Seanad debates
Wednesday, 25 April 2018
Smoking Ban: Motion
10:30 am
Gabrielle McFadden (Fine Gael) | Oireachtas source
I am very pleased to speak on this Bill. I commend my colleague Senator Reilly. I acknowledge his absolute passion for this topic and moreover for protecting people. That comes, I suppose, from being a doctor as his life revolves around looking after and protecting people. I commend his work.
This proposal to ban smoking where food is served will "de-normalise" the use of cancer-causing cigarettes. Senator Dolan spoke of how normal it was for him and his brother to watch their mother smoke. My mother smoked when I was a child and asked us as we were growing up to please not smoke. She said she did not know the terrible effect of smoking when she started and then she became addicted. Cigarettes are an addictive drug. It took her many years to give them up. As teenagers, of course, we knew better and it was cool to smoke so we laughed it off and smoked. I continued until I was pregnant with my first daughter. The smoking ban in pubs and restaurants stopped me ever going back to smoking. When I was pregnant I would say I could not wait for the day I had the baby and looked forward to a lovely cup of coffee and a cigarette. When she was born I did not do that because I was looking after her but when I went out for the first time without having a child with me I did not want to smoke because I would not go out on the street to smoke. We know the ban works.
As Senator Reilly said, no conversation about tobacco can begin without remembering the 6,000 men and women in this country who die prematurely because of the product. The situation is improving, however, because of the ban in restaurants and pubs and the plain packaging which Senator Reilly worked so hard to get. Although they are not supposed to smoke in a car with children I see people doing it and marvel at how a parent with a small child could do that.

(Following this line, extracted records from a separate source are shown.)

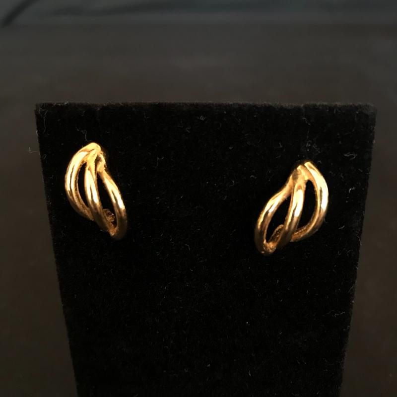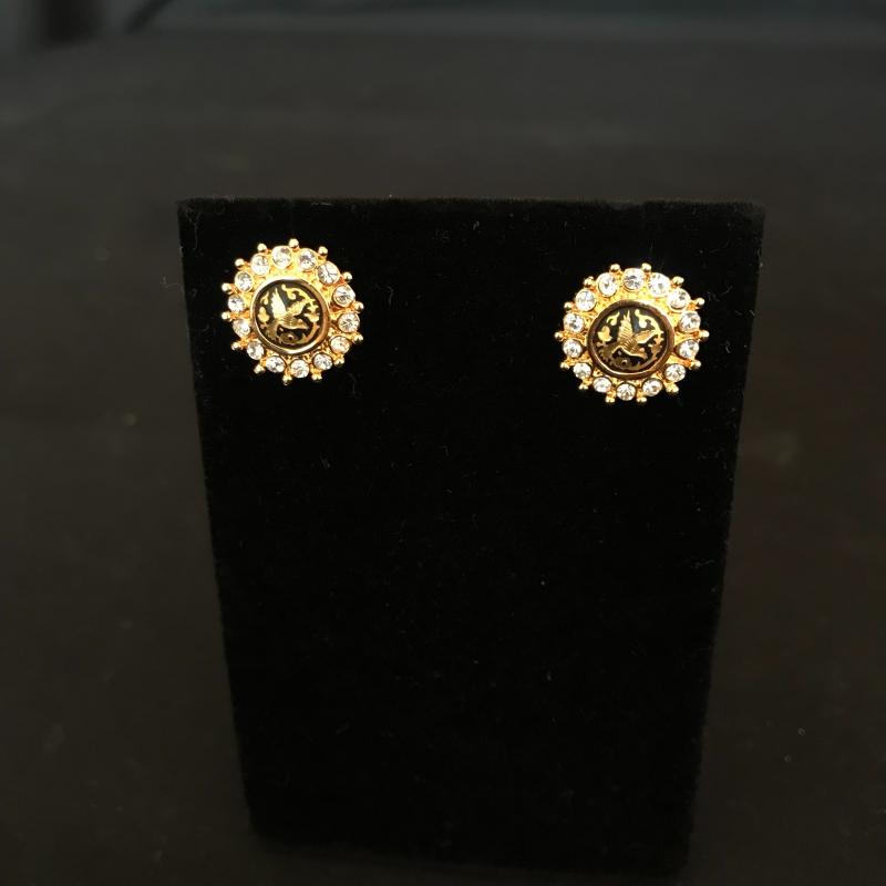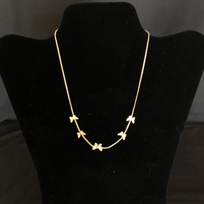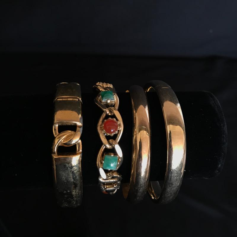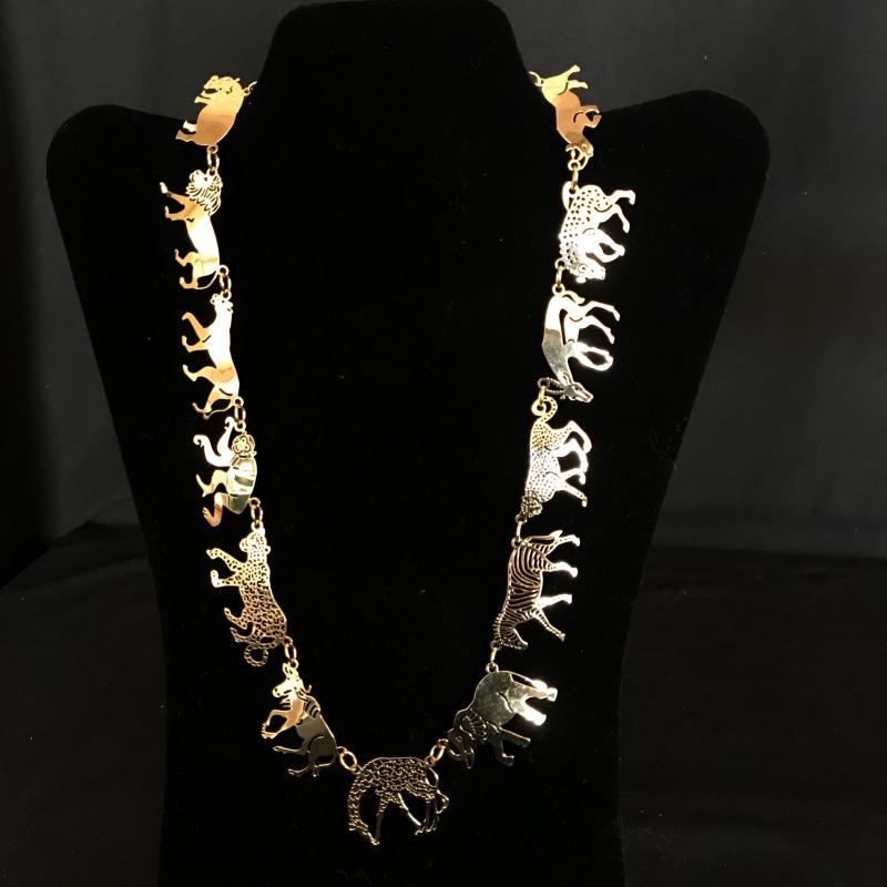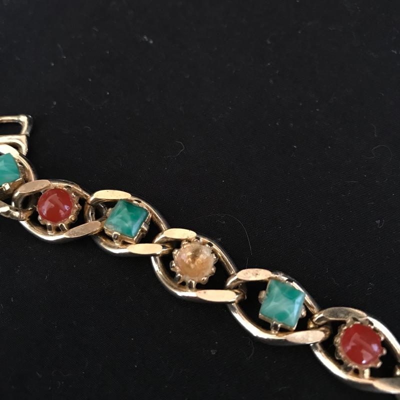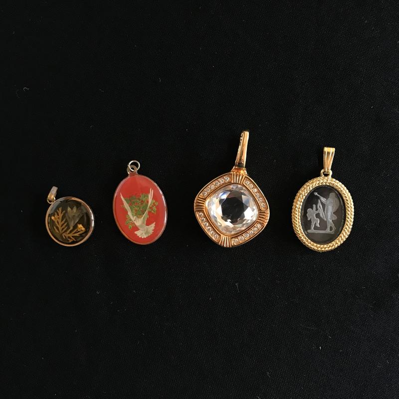 Large collection of golden chains, some with pendants and some separate pendants. Black and crystal necklace with matching clip on earrings is marked Chr. Dior. Fun pairs of crystal earrings for pierced ears and some clip ons. All four bracelets have clasps. Ring size is almost 9.5. Shipping available.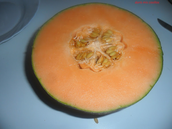Cortar por el centro el melón y retiramos con una cucharilla todas las pepitas.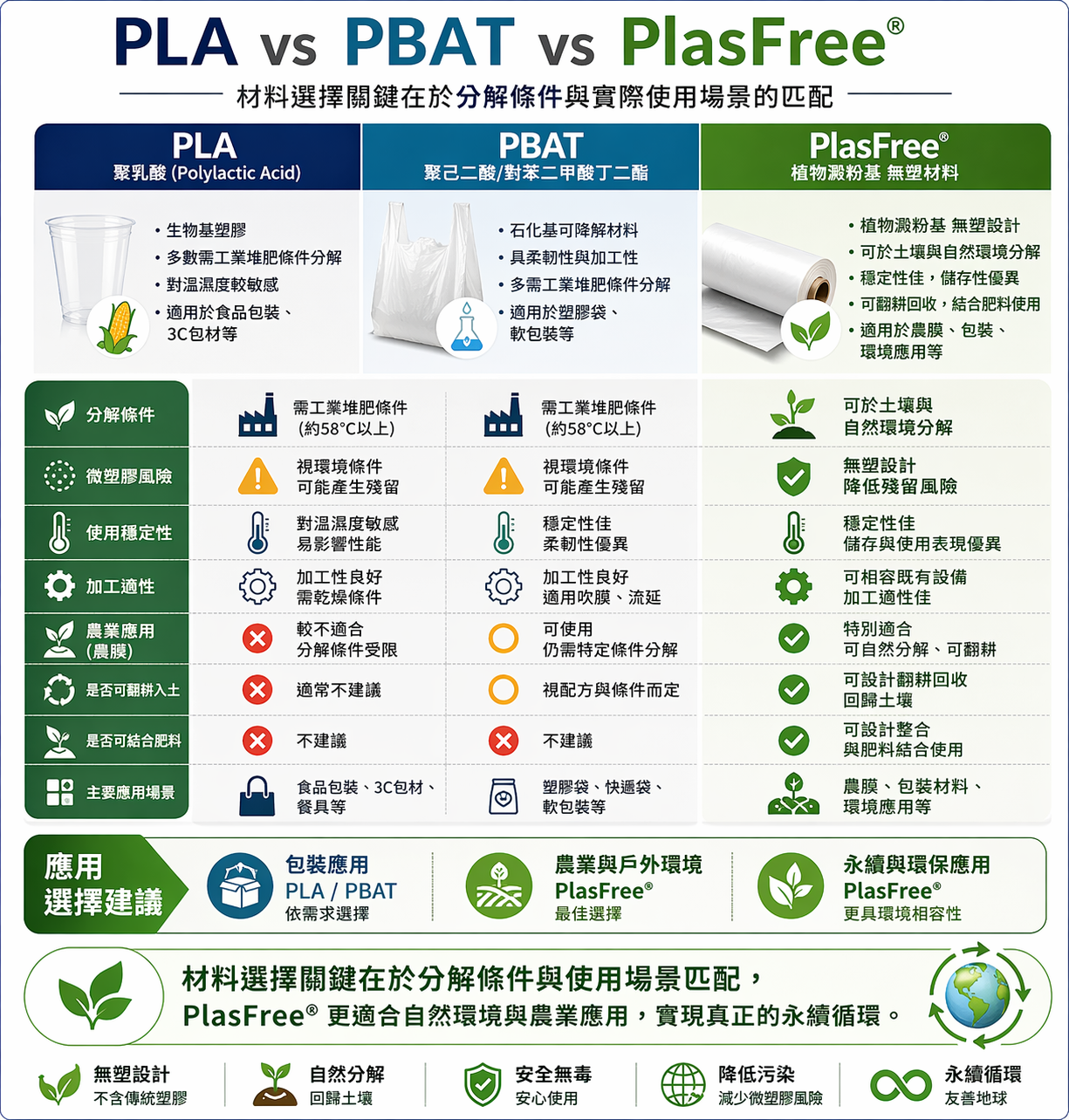 隨著環保法規與減塑需求持續提升,「可降解材料」已成為包裝、農業與工業應用的重要發展方向。目前市場上常見的材料主要包括 PLA(聚乳酸)、PBAT,以及新一代植物澱粉基材料(如 綠世界PlasFree®)。然而,不同材料在分解條件、使用穩定性與實際應用上存在顯著差異。

The Royal College of Physicians of Ireland's policy group on tobacco "strongly supports" this Bill. Dr. Des Cox, a paediatric respiratory consultant said this measure is important to reduce smoking: "Any level of exposure to tobacco smoke is unacceptable . . . . The developing lungs of children are particularly susceptible to damage from second-hand smoke ...". It is a no-brainer to take the next step and ban smoking in areas where people are eating. Nobody is forcing business owners to stop providing a smoking area for customers. It is the right of business people to do that if they so wish. It is much more important that we protect those people who want to eat out and do not want to inhale second-hand smoke. It is not just a question of the economic factors at play here in the way of hospital beds and days lost from work but of the emotional cost, the sadness and hardship that a family goes through when one of them gets cancer from smoking. I commend Senator Reilly on all the work he has done thus far and I am very proud to support his Private Member’s Bill.